◆ What the task requires ◆
All that is needed is an exact repetition of the lines from the one containing "69cm/s 78T +4cm/s" through the final line of the material, without pictures.

◆ Data below ◆

══════════

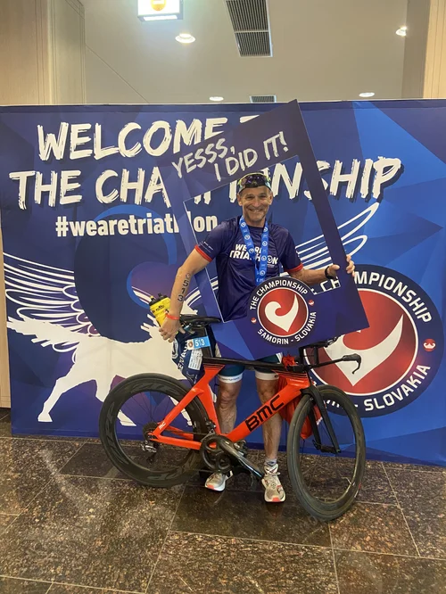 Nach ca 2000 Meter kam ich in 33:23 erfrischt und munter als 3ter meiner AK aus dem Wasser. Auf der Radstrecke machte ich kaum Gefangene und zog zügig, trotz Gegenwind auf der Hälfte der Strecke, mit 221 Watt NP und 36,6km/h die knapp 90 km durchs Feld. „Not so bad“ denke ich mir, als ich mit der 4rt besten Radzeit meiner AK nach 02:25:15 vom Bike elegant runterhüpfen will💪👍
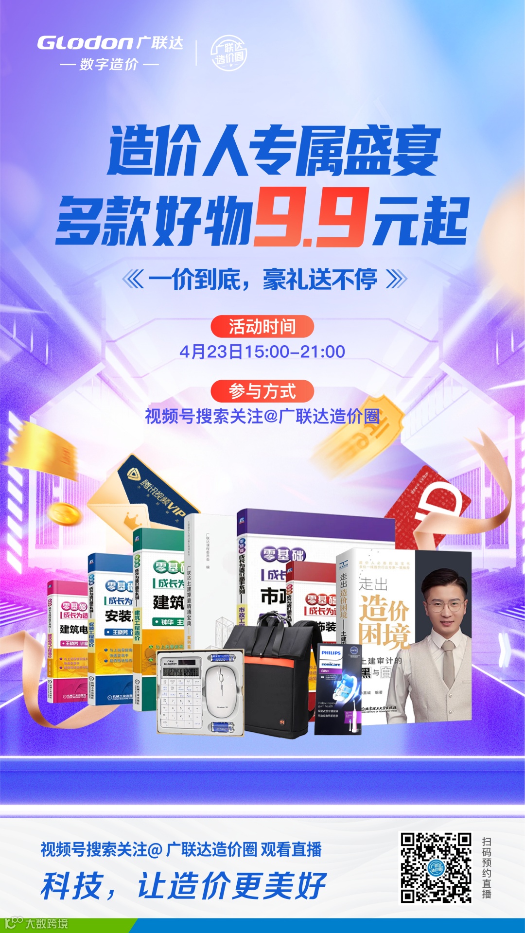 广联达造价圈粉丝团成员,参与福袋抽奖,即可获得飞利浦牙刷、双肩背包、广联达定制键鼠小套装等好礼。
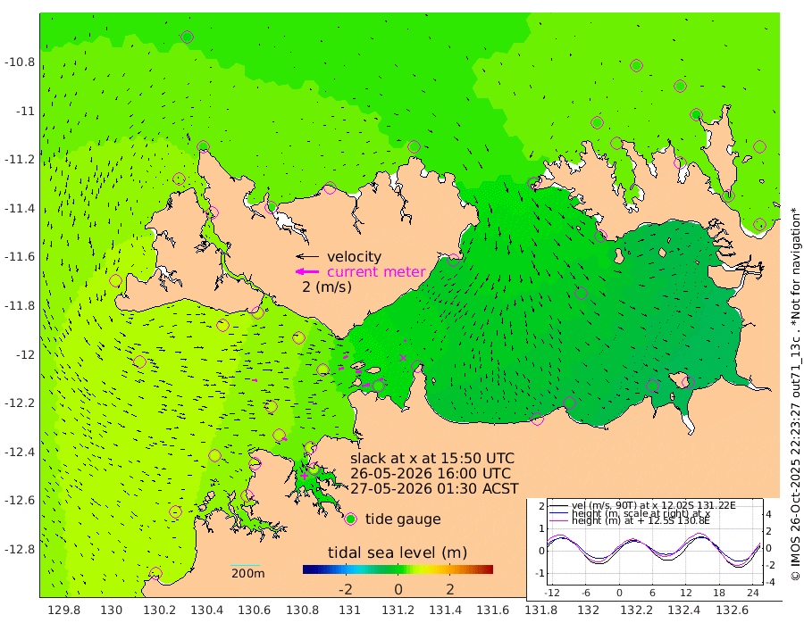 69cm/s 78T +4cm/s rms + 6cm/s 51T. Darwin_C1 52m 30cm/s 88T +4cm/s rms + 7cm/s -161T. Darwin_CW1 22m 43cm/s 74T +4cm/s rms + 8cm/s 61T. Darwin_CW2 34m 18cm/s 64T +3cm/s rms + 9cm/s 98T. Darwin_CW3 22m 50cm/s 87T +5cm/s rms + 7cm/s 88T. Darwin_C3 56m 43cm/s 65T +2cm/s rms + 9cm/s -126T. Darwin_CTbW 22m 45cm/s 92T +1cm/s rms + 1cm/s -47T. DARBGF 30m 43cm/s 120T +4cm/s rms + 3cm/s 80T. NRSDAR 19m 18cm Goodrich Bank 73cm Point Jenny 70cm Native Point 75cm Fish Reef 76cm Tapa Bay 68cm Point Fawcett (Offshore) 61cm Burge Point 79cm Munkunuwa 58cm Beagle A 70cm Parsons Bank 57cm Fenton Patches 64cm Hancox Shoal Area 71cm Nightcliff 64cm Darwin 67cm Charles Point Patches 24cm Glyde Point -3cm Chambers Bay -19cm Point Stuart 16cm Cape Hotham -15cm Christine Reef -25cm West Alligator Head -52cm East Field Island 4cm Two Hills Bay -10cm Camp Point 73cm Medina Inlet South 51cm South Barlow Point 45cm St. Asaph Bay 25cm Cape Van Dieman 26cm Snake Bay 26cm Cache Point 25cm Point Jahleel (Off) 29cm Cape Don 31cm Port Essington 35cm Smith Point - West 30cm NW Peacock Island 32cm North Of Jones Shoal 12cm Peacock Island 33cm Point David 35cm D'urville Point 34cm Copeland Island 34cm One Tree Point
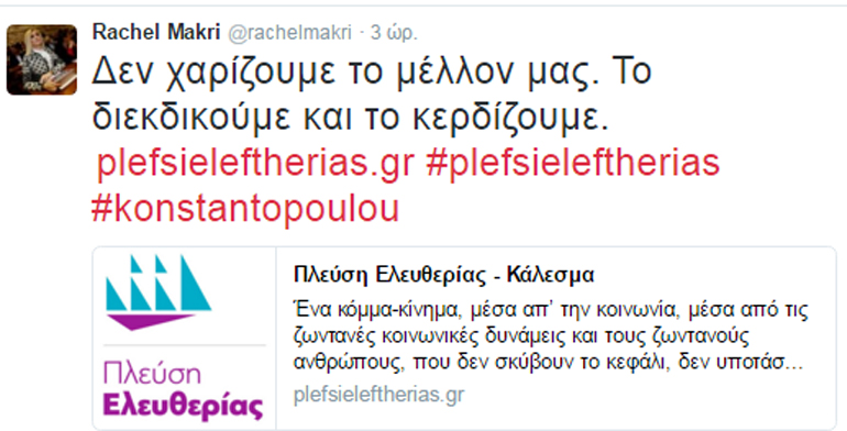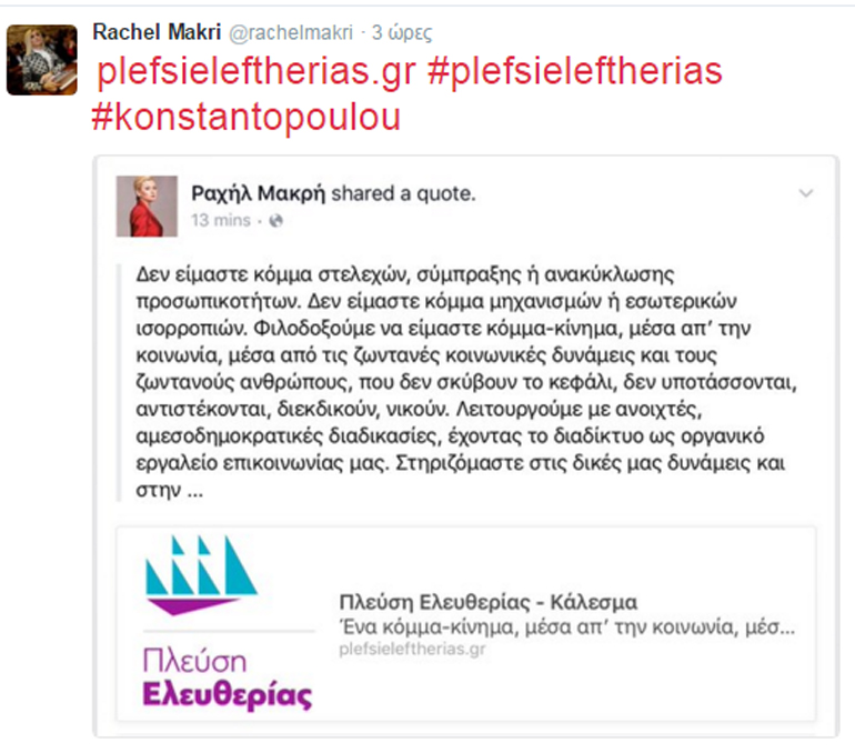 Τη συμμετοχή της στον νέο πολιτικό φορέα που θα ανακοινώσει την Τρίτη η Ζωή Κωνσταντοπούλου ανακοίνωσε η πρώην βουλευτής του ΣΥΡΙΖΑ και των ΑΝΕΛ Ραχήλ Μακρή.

══════════

◆ Task solution ◆
 69cm/s 78T +4cm/s rms + 6cm/s 51T. Darwin_C1 52m 30cm/s 88T +4cm/s rms + 7cm/s -161T. Darwin_CW1 22m 43cm/s 74T +4cm/s rms + 8cm/s 61T. Darwin_CW2 34m 18cm/s 64T +3cm/s rms + 9cm/s 98T. Darwin_CW3 22m 50cm/s 87T +5cm/s rms + 7cm/s 88T. Darwin_C3 56m 43cm/s 65T +2cm/s rms + 9cm/s -126T. Darwin_CTbW 22m 45cm/s 92T +1cm/s rms + 1cm/s -47T. DARBGF 30m 43cm/s 120T +4cm/s rms + 3cm/s 80T. NRSDAR 19m 18cm Goodrich Bank 73cm Point Jenny 70cm Native Point 75cm Fish Reef 76cm Tapa Bay 68cm Point Fawcett (Offshore) 61cm Burge Point 79cm Munkunuwa 58cm Beagle A 70cm Parsons Bank 57cm Fenton Patches 64cm Hancox Shoal Area 71cm Nightcliff 64cm Darwin 67cm Charles Point Patches 24cm Glyde Point -3cm Chambers Bay -19cm Point Stuart 16cm Cape Hotham -15cm Christine Reef -25cm West Alligator Head -52cm East Field Island 4cm Two Hills Bay -10cm Camp Point 73cm Medina Inlet South 51cm South Barlow Point 45cm St. Asaph Bay 25cm Cape Van Dieman 26cm Snake Bay 26cm Cache Point 25cm Point Jahleel (Off) 29cm Cape Don 31cm Port Essington 35cm Smith Point - West 30cm NW Peacock Island 32cm North Of Jones Shoal 12cm Peacock Island 33cm Point David 35cm D'urville Point 34cm Copeland Island 34cm One Tree Point
 Τη συμμετοχή της στον νέο πολιτικό φορέα που θα ανακοινώσει την Τρίτη η Ζωή Κωνσταντοπούλου ανακοίνωσε η πρώην βουλευτής του ΣΥΡΙΖΑ και των ΑΝΕΛ Ραχήλ Μακρή.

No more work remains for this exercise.